Alleviation Med. Servs., P.C. v Allstate Ins. Co. |
2017 NY Slip Op 27097 [55 Misc 3d 44] |
Accepted for Miscellaneous Reports Publication |
Supreme Court, Appellate Term, Second Department, 2d, 11th and 13th Judicial Districts |
Published by New York State Law Reporting Bureau pursuant to Judiciary Law § 431. |
As corrected through Wednesday, May 17, 2017 |
Alleviation Medical Services, P.C., as Assignee of Ali Al Rahabi, Respondent, v Allstate Insurance Company, Appellant. |
Supreme Court, Appellate Term, Second Department, 2d, 11th and 13th Judicial Districts, March 29, 2017
Peter C. Merani, P.C. (Brian Kratenstein of counsel) for appellant.
Gary Tsirelman, P.C. (Irena Golodkeyer of counsel) for respondent.
Ordered that the order is affirmed, with $25 costs.
In this action by a provider to recover assigned first-party no-fault benefits, it is undisputed that defendant denied plaintiff's claim on May 10, 2011 on the ground of lack of medical necessity. In May 2014, defendant moved for summary judgment dismissing the complaint on the ground that the amount of available coverage had been exhausted. By order entered April 1, 2015, the Civil Court denied defendant's motion.

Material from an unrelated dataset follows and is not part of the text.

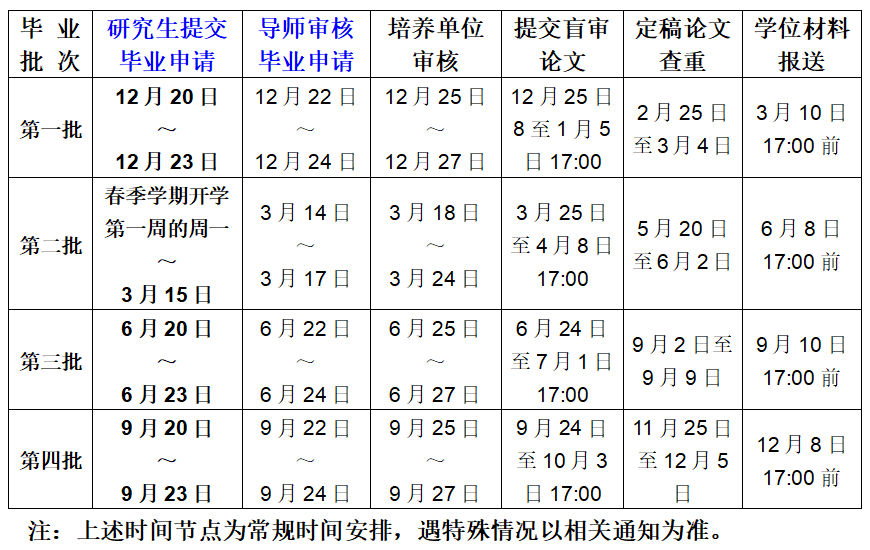 山东大学研究生每年有四次毕业机会,各批次毕业生申请、导师审核时间安排如下:

At the outset, we note that, although defendant did not deny the claim on the ground that the coverage limits of the insurance policy at issue had been exhausted, this defense is not precluded (New York & Presbyt. Hosp. v Allstate Ins. Co., 12 AD3d 579 [2004]; Flushing Traditional Acupuncture, P.C. v Infinity Group, 38 Misc 3d 21 [App Term, 2d Dept, 2d, 11th & 13th Jud Dists 2012]).

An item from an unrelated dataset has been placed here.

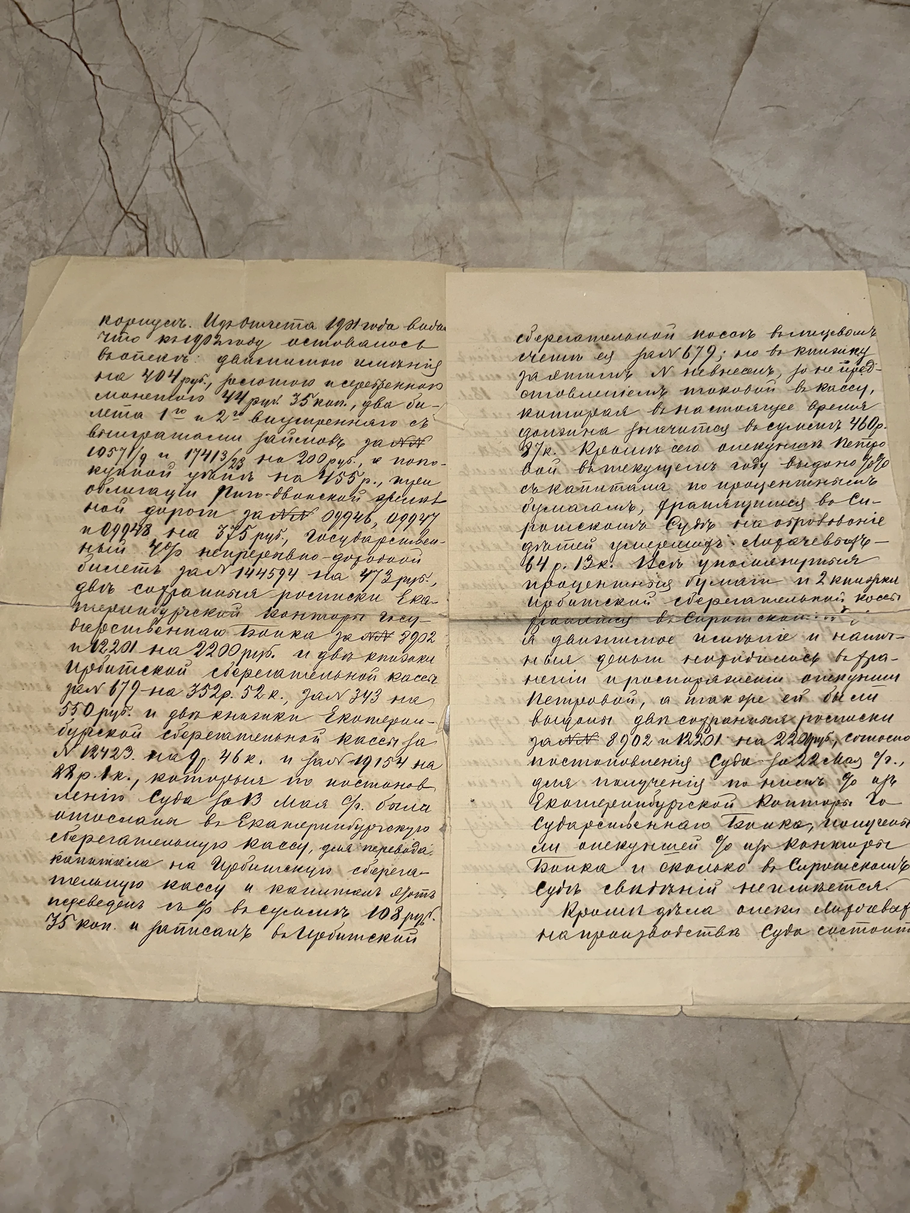 Уникальное свидетельство эпохи: старинный отчет, подробно описывающий банковские вклады и денежные суммы в рублях и копейках. Текст, выведенный каллиграфическим почерком, упоминает Екатеринбургскую контору Государственного банка и Сиротский суд, погружая в атмосферу бюрократии и частной жизни дореволюционной России. Артефакт сохранил свою целостность, став ценным источником для исследователей истории и коллекционеров архивных редкостей.

In Nyack Hosp. v General Motors Acceptance Corp. (8 NY3d 294 [2007]), the Court of Appeals, noting that no-fault benefits are overdue if not paid within 30 calendar days after receipt of a fully complete claim, held that the word "claims," as used in 11 NYCRR 65-3.15, the priority-of-payment regulation, does not encompass claims that are not yet complete because they have not been fully verified in accordance with 11 NYCRR 65-3.5 (b). In contrast, in the instant case, by denying the claim on May 10, 2011, defendant implicitly declared that the claim at issue was fully verified. As we read Nyack Hosp. to hold that fully verified claims are payable in the order they are received (see 11 NYCRR 65-3.8 [b] [3]; 65-3.15; Nyack Hosp., 8 NY3d 294), defendant's argument—that it need not pay the claim at issue because defendant paid other claims after it had denied the instant claim, which subsequent payments exhausted the available coverage—lacks merit (see 11 NYCRR 65-3.15; cf. Nyack Hosp., 8 NY3d 294; but see Harmonic Physical Therapy, P.C. v Praetorian Ins. Co., 47 Misc 3d 137[A], 2015 NY Slip Op 50525[U] [App Term, 1st Dept 2015]). Consequently, defendant{**55 Misc 3d at 46} has not established its entitlement to summary judgment dismissing the complaint.
Accordingly, the order is affirmed.
Solomon, J.P., Pesce and Elliot, JJ., concur.